LC-MS/MS data acquisition and processing
Sample preparation
Proteins were digested overnight at 37 °C with trypsin (Promega) in a 25 mM NH4HCO3 buffer (0.2 μg trypsin in 20 μl). The resulting peptides were desalted using ZipTip μ-C18 Pipette Tips (Pierce Biotechnology).
Data acquisition
Samples were analyzed using an Orbitrap Q-Exactive Plus coupled to a Nano-LC Proxeon 1000 equipped with an easy spray ion source (Thermo Scientific). On the Q-Exactive Plus instrument, peptides were loaded with an online preconcentration method and separated by chromatography using a Pepmap-RSLC C18 column (0.75 × 500 mm, 2 μm, 100 Å, from Thermo Scientific), equilibrated at 50 °C and operated at a flow rate of 300 nl/min. Peptides were eluted by a gradient of solvent A (H2O, 0.1 % formic acid) and solvent B (100% acetonitrile, 0.1% formic acid). The column was first equilibrated 5 min with 95% of A, then B was raised to 35% in 93 min and finally, the column was washed with 80%B during 10 min and re-equilibrated at 95% A during 10 min. Peptides masses were analyzed in the Orbitrap cell in full ion scan mode at a resolution of 70,000 with a mass range of m/z 375-1500 and an AGC target of 3.106. MS/MS were performed in a Top 20 DDA mode. Peptides were selected for fragmentation by Higher-energy C-trap Dissociation (HCD) with a Normalized Collisional Energy of 27%, and a dynamic exclusion of 30 s. Fragment masses were measured in the Orbitrap cell at a resolution of 17,500, with an AGC target of 2.105. Monocharged peptides and unassigned charge states were excluded from the MS/MS acquisition. The maximum ion accumulation times were set to 50 msec for MS and 45 msec for MS/MS acquisitions respectively.
Data processing
The raw data were processed on Proteome Discoverer 2.2 or 2.4 with the mascot node (Mascot version 2.5.1) with the non-redundant protein database for Xenopus laevis taxonomy with a maximum of 2 missed cleavage sites. Precursor and fragment mass tolerance were set to 6 ppm and 0.02 Da respectively for Q-exactive Plus, 7 ppm and 0.5 Da respectively for Fusion. The following post-translational modifications were searched: Acetyl (Protein N-term), Oxidation (M), Phosphorylation (STY). The spectra were filtered using a 1% FDR with percolator node. For peptide identification, the data were searched against a Xenopus laevis database (July 2016, 17 742 entries) extracted with the NCBI protein search engine. These sequences come from various sources (UniprotKB/Swissprot, EMBL, RefSeq, GenBank, PDB, DDBJ and PIR).
Reporting summary
Further information on research design is available in the Nature Research Reporting Summary linked to this article.
Data availability
All data supporting the findings of this study are available within the paper and its supplementary information file. The mass spectrometry proteomics data that support the findings of this study have been deposited on the ProteomeXchange Consortium via the PRIDE partner repository with the dataset identifier PXD022739. Other relevant data are available from the corresponding author upon reasonable request. Source data are provided with this paper.
References
Deguchi, R., Takeda, N. & Stricker, S. A. Comparative biology of cAMP-induced germinal vesicle breakdown in marine invertebrate oocytes. Mol. Reprod. Dev. 78, 708–725 (2011).

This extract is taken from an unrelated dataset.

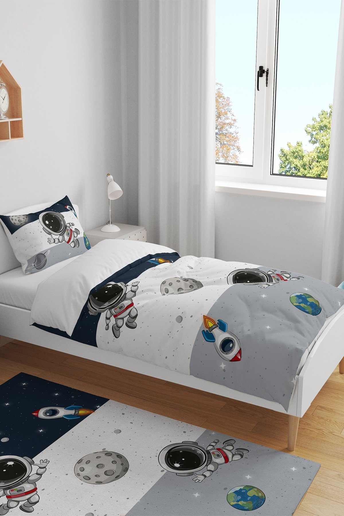 Lacivert Gri Uzay ve Minik Astonot Desenli Tek Kişilik Bebek Çocuk Nevresim Seti

Jaffe, L. A. & Norris, R. P. Initiation of the meiotic prophase-to-metaphase transition in mammalian oocytes, in Oogenesis. The universal process. (eds. M. H. Verlhac & A. Villeneuve) 181–197 (John Wiley & Sons Ltd, Chichester; 2010).
Dupre, A., Daldello, E. M., Nairn, A. C., Jessus, C. & Haccard, O. Phosphorylation of ARPP19 by protein kinase A prevents meiosis resumption in Xenopus oocytes. Nat. Commun. 5, 3318 (2014).
Hara, M. et al. Greatwall kinase and cyclin B-Cdk1 are both critical constituents of M-phase-promoting factor. Nat. Commun. 3, 1059 (2012).
Dupre, A. & Jessus, C. ARPP19 Phosphorylations by PKA and Greatwall: The Yin and the Yang of the Cell Decision to Divide, in Protein Phosphorylation. (ed. C. Prigent) 3-29 (IntechOpen, Rijeka, Croatia; 2017).
Haccard, O. & Jessus, C. Redundant pathways for Cdc2 activation in Xenopus oocyte: either cyclin B or Mos synthesis. EMBO Rep. 7, 321–325 (2006).
Gaffre, M. et al. A critical balance between Cyclin B synthesis and Myt1 activity controls meiosis entry in Xenopus oocytes. Development 138, 3735–3744 (2011).
Mochida, S., Ikeo, S., Gannon, J. & Hunt, T. Regulated activity of PP2A-B55 delta is crucial for controlling entry into and exit from mitosis in Xenopus egg extracts. EMBO J. 28, 2777–2785 (2009).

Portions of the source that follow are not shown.